| REQUIRED WORK |
Return all of the listing word for word; the pictures stay out.

| STORED DATA |
=== Section Start ===

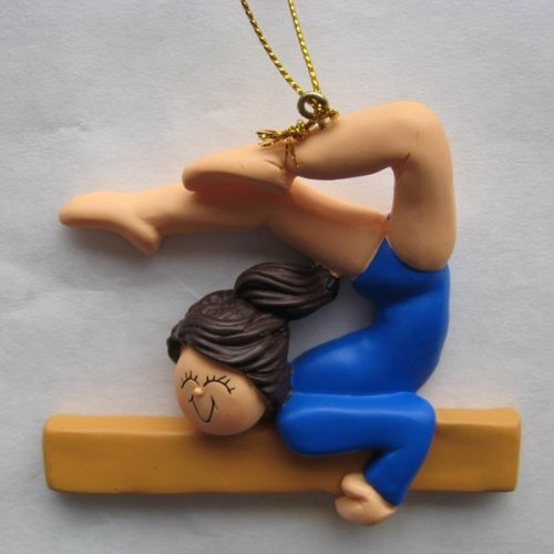 Great gymnastics ornament, or it can be used as a present topper. The is on a beam, and her feet are over her head. She measures 3 ¼ inches long and 2 ½ inches tall. The ornament is made of strong, long-lasting, yet lightweight polyresin. Each ornament is hand-painted.
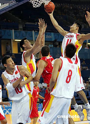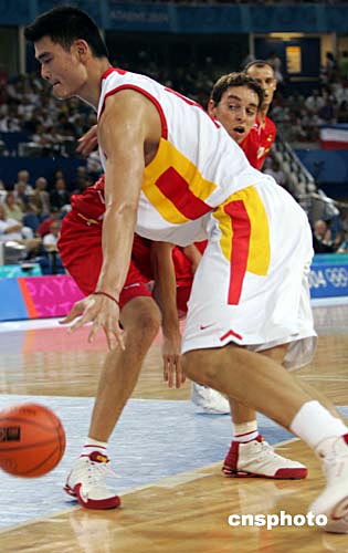 中新社雅典八月十五日電(記者 王祖敏)當地時間今天下午,中國男籃在奧運會小組賽的首戰中,以五十八比八十三慘敗于西班牙隊,小巨人姚明上場二十七分鐘獲得十二分,在第四節因為犯規累計達到五次被罰下,而西班牙球星加索爾獲得全場最高的二十一分。
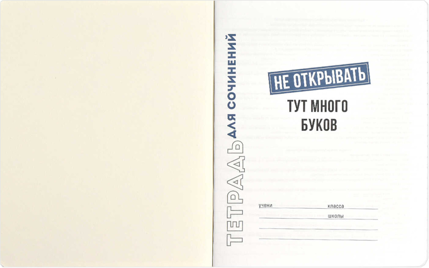 Белые листы, информация по предмету внутри есть, оригинальный дизайн и фраза.

=== Section End ===

| RESPONSE AREA |
 Great gymnastics ornament, or it can be used as a present topper. The is on a beam, and her feet are over her head. She measures 3 ¼ inches long and 2 ½ inches tall. The ornament is made of strong, long-lasting, yet lightweight polyresin. Each ornament is hand-painted.
 中新社雅典八月十五日電(記者 王祖敏)當地時間今天下午,中國男籃在奧運會小組賽的首戰中,以五十八比八十三慘敗于西班牙隊,小巨人姚明上場二十七分鐘獲得十二分,在第四節因為犯規累計達到五次被罰下,而西班牙球星加索爾獲得全場最高的二十一分。
 Белые листы, информация по предмету внутри есть, оригинальный дизайн и фраза.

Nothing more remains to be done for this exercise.